Depuis les législatives anticipées du 17 novembre 2024, un même discours revient : la majorité de 130 députés obtenue par PASTEF ne serait pas le produit d’une adhésion populaire, mais l’effet d’un mode de scrutin trop favorable au vainqueur. Autrement dit, ce ne serait pas le peuple qui aurait donné cette majorité, mais le code électoral.
L’argument est séduisant, car il déplace le débat du terrain politique vers celui des mathématiques électorales et évite de s’interroger sur les causes de l’effondrement de l’opposition. Pourtant, les chiffres comme les mécanismes du scrutin le démentent.
Qu’une réforme du système électoral soit discutée est parfaitement légitime. Mais utiliser ce débat pour présenter la victoire de PASTEF comme une simple illusion statistique relève davantage du déni politique que de l’analyse institutionnelle.

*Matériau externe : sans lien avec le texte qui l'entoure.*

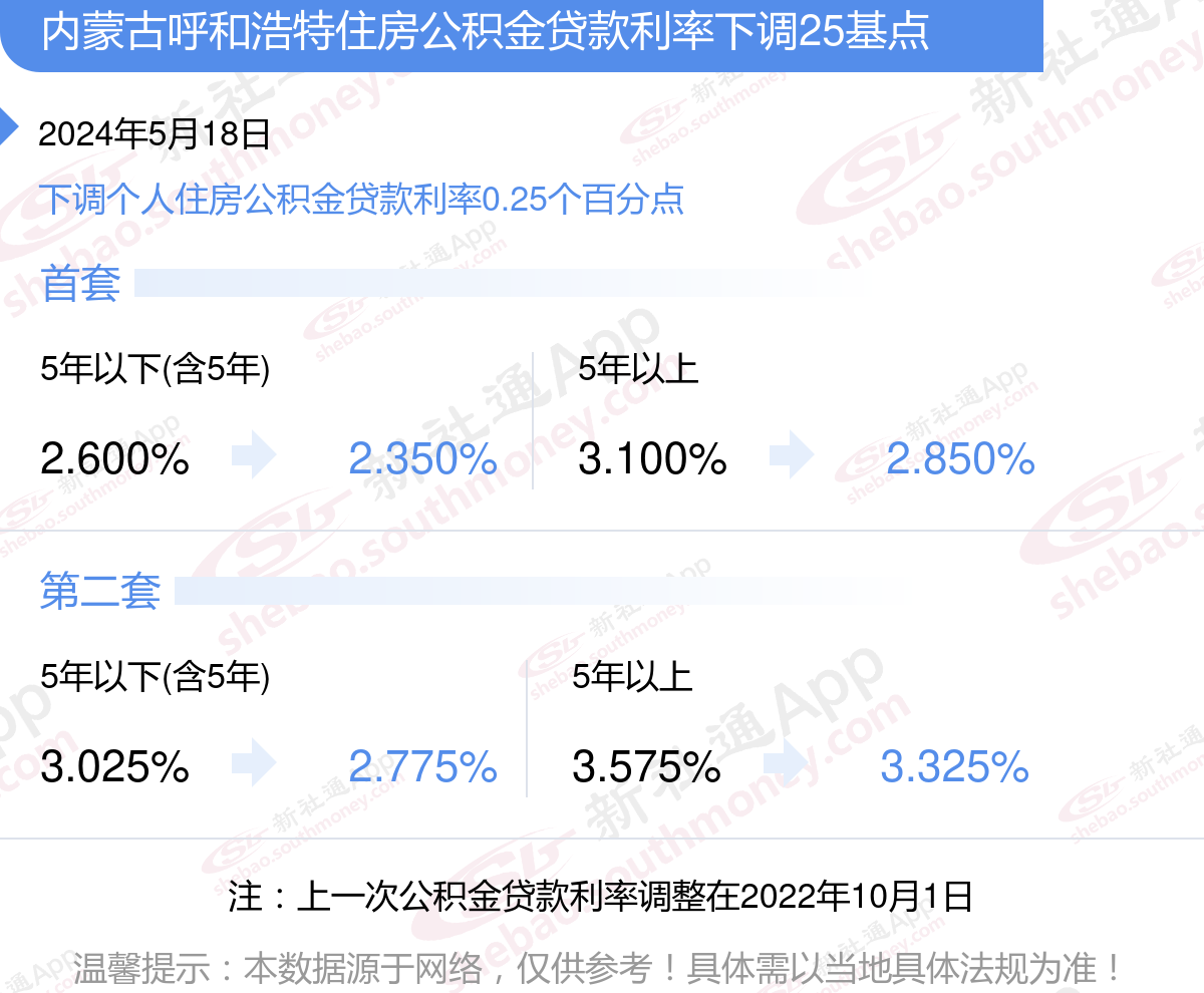 2024年最新下调个人住房公积金贷款利率,这一新规降低了住房公积金贷款的利率,减轻了使用住房公积金贷款购房者的负担。同时,也鼓励了更多购房者使用住房公积金贷款,进一步促进房地产市场的稳定发展。想着各个城市的公积金贷款利率执行标准是什么样子?内蒙古呼和浩特个人住房贷款利率最低是多少?下调的公积金贷款利率后办理可以省下多少钱的?下面是新社通APP小编整理的相关贷款知识,希望能帮助到你。
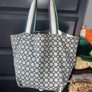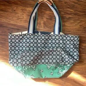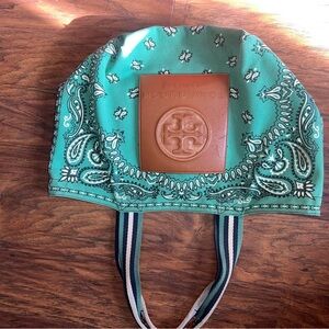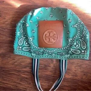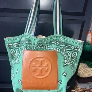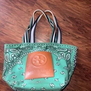 Elevate your style with the Tory Burch Green Paisley Tote Bag. This chic bag features a vibrant green color and a unique paisley design, perfect for any occasion. Carry your essentials in style with this elegant tote.
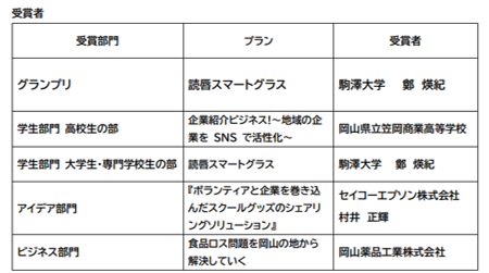 受賞者及び、応募プランの実現を後押しできるよう支援を検討、協議の上、岡山県の課題解決と地域活性に貢献できるよう継続的に情報共有をおこなっていきます。
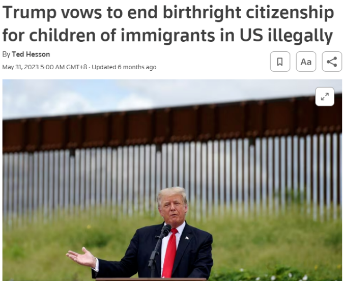 一旦自己竞选成功,并再次当上美国总统之后,一定会在上任的第一天就结束宪法赋予的出生公民权!

Une majorité que les électeurs ont donnée avant que le mode de scrutin ne l’amplifie
La première erreur consiste à confondre une majorité populaire avec son amplification en sièges.
Le 17 novembre 2024, PASTEF a obtenu 1 991 770 voix, soit 54,97 % des 3 623 633 suffrages exprimés, dans une élection où 41 listes et coalitions étaient en compétition. Cette majorité absolue permet de tester l’argument selon lequel la majorité parlementaire serait une simple fabrication du mode de scrutin.
Même avec une proportionnelle nationale intégrale, le système le plus favorable aux minorités, PASTEF aurait obtenu 90 à 91 sièges sur 165, alors que la majorité absolue est fixée à 83. Le parti aurait donc disposé, dans tous les cas, d’une majorité suffisante pour gouverner.
Le Raw Gàddu a amplifié cette victoire ; il ne l’a pas créée. La majorité est née dans les urnes avant d’être traduite en sièges. Confondre les règles de conversion des voix avec la volonté des électeurs, c’est inverser la cause et la conséquence.
La proportionnelle départementale produirait exactement l’effet inverse de celui recherché
Les critiques du système actuel proposent de supprimer la prime majoritaire au profit d’une proportionnelle départementale. L’idée paraît séduisante, mais elle se heurte à une règle bien connue de l’ingénierie électorale : la proportionnelle ne corrige réellement les écarts que lorsqu’un nombre suffisant de sièges est à répartir. Dans les circonscriptions qui n’élisent qu’un, deux ou trois députés, elle favorise mécaniquement la liste arrivée en tête.
C’est précisément le cas du Sénégal. La plupart des 46 départements, comme les 8 circonscriptions de la diaspora qui élisent 15 députés, ne disposent que d’un à trois sièges. Au total, 54 circonscriptions élisent 112 députés, un découpage qui réduit fortement l’effet correcteur de la proportionnelle.
Or, en novembre 2024, PASTEF est arrivé en tête dans 42 des 46 départements et dans la quasi-totalité des circonscriptions de la diaspora. Dans ces conditions, une proportionnelle départementale lui aurait probablement attribué 112 à 120 sièges. La dispersion des voix entre Takku Wallu, Jàmm ak Njariñ, Sàmm Sa Kàddu et les autres listes aurait continué de favoriser PASTEF dans la plupart des petites circonscriptions.
Autrement dit, la réforme proposée aurait très probablement produit l’effet inverse de celui recherché.
Les véritables victimes auraient été les petites formations politiques
Une autre conséquence est rarement évoquée. Les petites listes qui ont obtenu un député en 2024 (Farlu, Les Nationalistes ou Sénégaal Kese…) ne le doivent qu’au quotient national. Dans une proportionnelle limitée aux départements et aux circonscriptions de la diaspora, où il aurait souvent fallu recueillir 20 à 35 % des voix pour obtenir un siège, aucune n’aurait été représentée.
Présentée comme un moyen de renforcer le pluralisme, cette réforme aurait donc probablement produit l’effet inverse en concentrant davantage les sièges entre deux ou trois grandes forces politiques.
Le débat sur une réforme du système électoral est parfaitement légitime. Mais prétendre que la majorité parlementaire de PASTEF serait le simple produit d’une mécanique électorale revient à oublier une évidence démocratique : les modes de scrutin répartissent les sièges ; ce sont les citoyens qui fabriquent les majorités.